IP Multicast: IGMP/PIM/Auto-RP/BSR

From now on, we will skip over some of the sections of the blueprint in order to cover the fundamentals of the technologies or applications introduced in the CCIE first, meaning we will try to go over the stuff that is not covered previously in the CCNP exams.

This time, we will talk about Multicast, the purpose of this post is to provide study material for the topics covered in the blueprint related to Multicast technologies, the details or caveats for each protocol are not to be widely discussed here, please refer to the specific RFCs or vendor documentation for these.  Let’s jump right into it.

So, how do we send a flow of traffic with the exact same payload to multiple receivers ? This is what multicast allows us to do, of course, we can just replicate the unicast packets by the number of receivers we need to deliver the information to and send them out one by one, but this would not be very efficient or healthy for the router’s CPU.

Multicast has some disadvantages compared to unicast, it is always going to be UDP based and hence it is unreliable, lacks TCP windowing and because of this, it can incur network congestion.

Addressing when it comes to Multicast is a little different than regular unicast, we don’t have subnet masks for MC (Multicast), because one single MC IP represents an application stream, for instance, say I’m a multimedia server broadcasting a music channel, I’m sending this traffic on MC address 224.0.1.5, this MC IP represents my stream of music, and users interested in listening to this music join my MC group 224.0.1.5. There is no need for a subnet mask.

The following are some well known reserved MC addresses:

AddressUsage
221.0.0.1All Multicast hosts
221.0.0.2All multicast routers
221.0.0.4DVMRP
221.0.0.5OSPF
221.0.0.6OSPF DRs
221.0.0.9RIPv2
221.0.0.10EIGRP
221.0.0.13PIM
221.0.0.22IGMPv3
221.0.0.25RGMP
221.0.0.39Cisco RP Announce
221.0.0.40Cisco RP Discovery

MC addresses range from 224.0.0.0 ~ 239.255.255.255, this is segmented in a regular unicast fashion way, where we have 239.0.0.0 ~ 239.255.255.255 for private MC domains, or 224.0.0.0 ~ 224.0.0.255 for specifically network protocols communicating in a segment (just like OSPFs 224.0.0.5).

MC works by combining the (S,G) and the (*,G) entries in the MC routing table, forming a tree, most of the times these trees are based on the Rendezvous Point or RP, which is a router that basically handles the control plane for MC traffic.

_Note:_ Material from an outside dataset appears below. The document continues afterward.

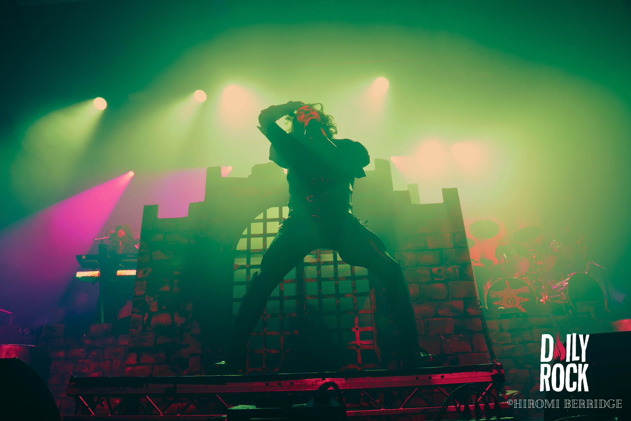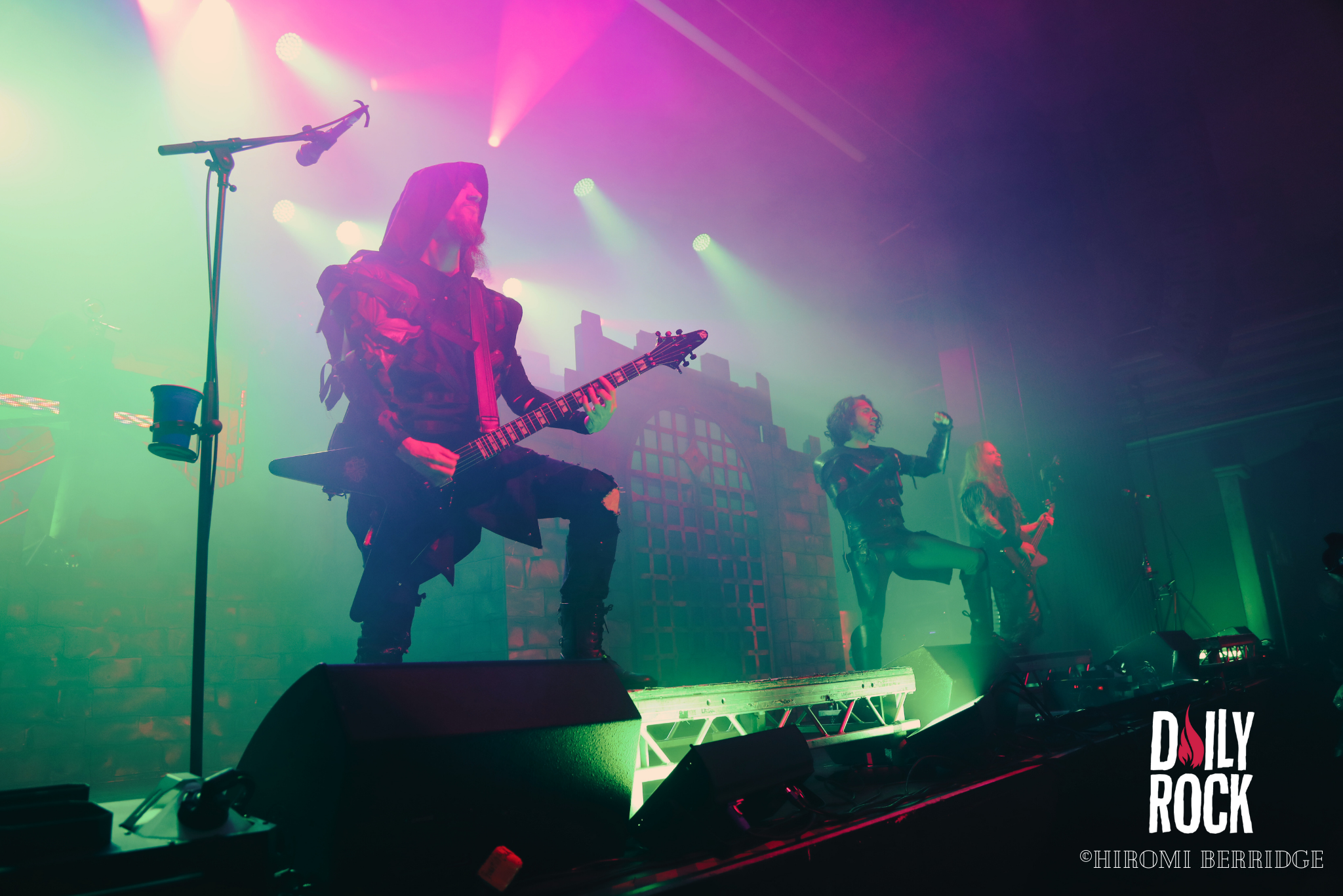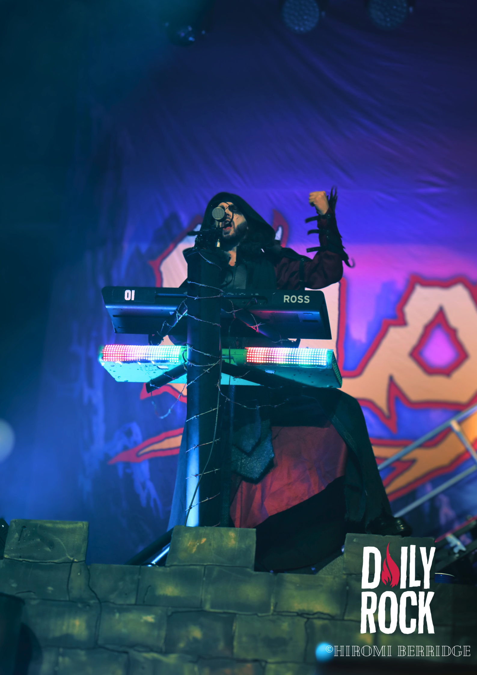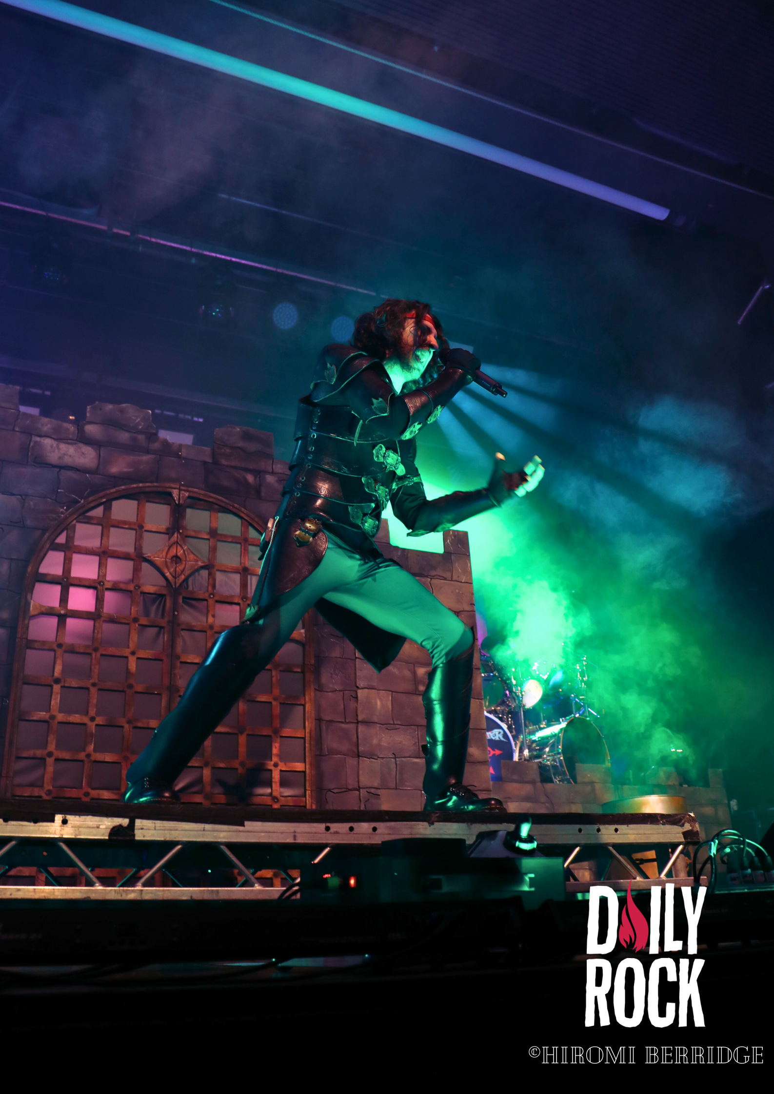 Après plusieurs légendes du Valhalla, des dieux du nord et un cul sec de bière de l’un des chanteurs, on regarde la technique mettre en place un château de brique (oui en carton mais faite un effort d’imagination) et l’immense bannière pour le prochain groupe, Gloryhammer. Comme à leur habitude, le concert commence par une effigie de taille humaine, cette fois-ci de David Hasselhoff. Et puis débarque un à un les musiciens pour nous emmener en voyage à travers l’espace et les dimensions. Que dire de ce groupe qui n’a pas déjà été dit. La voix angélique du chanteur, les solo endiablé du guitariste, les notes pressantes du claviériste et la partie rythmique toujours aussi efficace. Sans oublier notre ami, enfin… ennemie Le Goblin ! Qui se paie même le luxe d’une belle perruque bleu sur une de ses interventions. On pourra se réjouir d’avoir des morceaux de leur tout dernier album “Return to the Kingdom of Fife« , mélangés aux classiques Gloryhammer, Univers on Fire ou encore HootsForce. Le public ne se fait d’ailleurs pas privé pour chanter les paroles, hurler en rythme avec les musiciens, et commencent même les pogos.
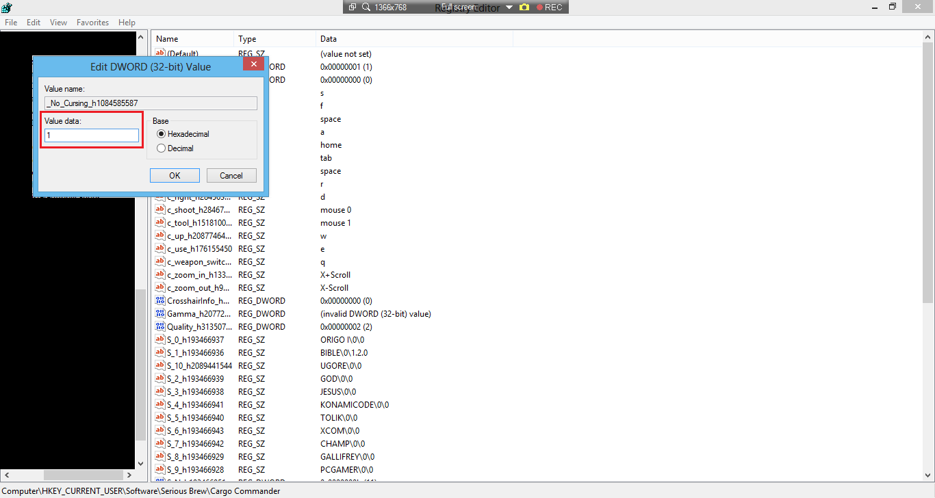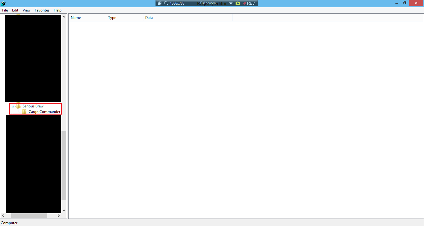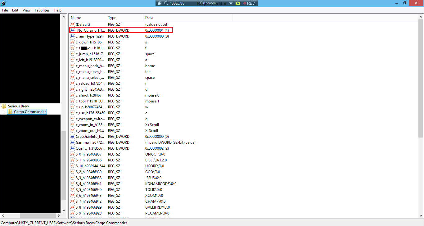 …and you should arrive at this screen. This is the registry editor, and it will allow us to disable the player’s profanity in Cargo Commander.

This is the topology that we are going to work with throughout this post:

Internet Group Management Protocol

IGMP was designed so that hosts or receivers interested in receiving MC traffic, can communicate with the local segment router, all hosts wishing to receive MC traffic need to be running IGMP. Evidently, the L2 devices like switches also need to know who are the hosts that want to receive this traffic so that they can properly switch the stream, this is done through tools like CGMP or IGMP snooping which we will  cover later.

IGMPv2, which is the default on IOS routers, is described in RFC-2236. It is IP protocol 2 and has a TTL value of 1, hence why their messages are segment-wise locally significant.

Basically, IGMP works with two main “messages”, Query and Report, queries are going to be sent by the routers  on 224.0.0.1 every 60 seconds by default to ask or listen to the local segment for hosts wanting to join an MC group, and reports are going to be sent by the hosts to the routers to say “yes, I want to receive MC traffic for this group”.

Also, if a router does not receive a Report message within 260 seconds, the router concludes that there are no more members of the group on the subnet, this is called Group Membership Interval.

Some of the features introduced in IGMPv2 are, the ability for hosts to notify the routers when they want to leave a group, instead of just waiting for a Query message to arrive, and the group-specific Query messages, so that the routers can send a query for a specific group instead of all groups.

IGMP is automatically enabled when MC routing and PIM are configured. We can simulate a host attempting to join a particular MC group, we will make CSR5 a Receiver wanting to obtain MC traffic for the group 239.15.15.15, like this:

That would make CSR5 send a Report message stating he wants to receive MC traffic for group 239.10.10.10, as we can see above because we enabled debug ip igmp.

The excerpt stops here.